Malaysian politician (1945–2022)

Mohsin Fadzli Samsuri (30 November 1945 – 10 March 2022) was a Malaysian politician who served as the Member of Parliament (MP) for Bagan Serai from March 2008 to May 2013. He was an independent and a member of the People's Justice Party (PKR), a component party of formerly Pakatan Rakyat (PR) coalition.

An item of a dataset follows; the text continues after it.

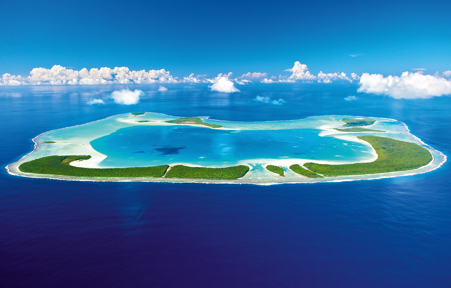 Le transfert de Papeete en avion privé affrété par l’hôtel annonce déjà la couleur. Perle immaculée du Pacifique, l’atoll de Teti’aroa s’étend sous les yeux ébahis du voyageur sur l’immensité azur. Treize motus (“îlots”) tapissés d’une luxuriante cocoteraie vert émeraude couronnent le lagon aux eaux d’une transparence irréelle, constellées de massifs coralliens aux mille nuances. À travers le hublot, on aperçoit une baleine évoluant à quelques brassées du récif. Clairement, nous sommes aux portes du paradis.
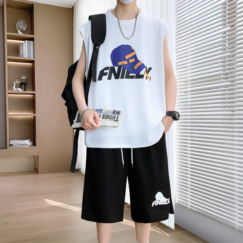 ティーンエイジャーの夏のノースリーブスーツルーズTシャツ薄いベストショーツカジュアルスポーツスーツノースリーブツーピーススーツ

Mohsin was elected to Parliament in the 2008 general election, winning the seat of Bagan Serai from Deputy Minister Zainal Abidin Zin of Barisan Nasional (BN). He was elected on the ticket of the People's Justice Party (PKR) but quit the party in March 2010 to sit as an independent, saying he felt "betrayed and sabotaged". His resignation from PKR followed the resignations of fellow PKR members of parliament Zahrain Mohamed Hashim and Tan Tee Beng. He did not contest the 2013 election.

==Election results==

Parliament of Malaysia
| Year | Constituency | Candidate |  | Votes | Pct | Opponent(s) |  | Votes | Pct | Ballots cast | Majority | Turnout |
|---|---|---|---|---|---|---|---|---|---|---|---|---|
| 2008 | P058 Bagan Serai |  | Mohsin Fadzli Samsuri (PKR) | 18,943 | 54.95% |  | Zainal Abidin Zin (UMNO) | 15,530 | 45.05% | 36,237 | 3,413 | 76.92% |

==Honours==
- Perak
  - Commander of the Order of Cura Si Manja Kini (PCM) (2011)

==Death==
Mohsin Fadzli died on 10 March 2022.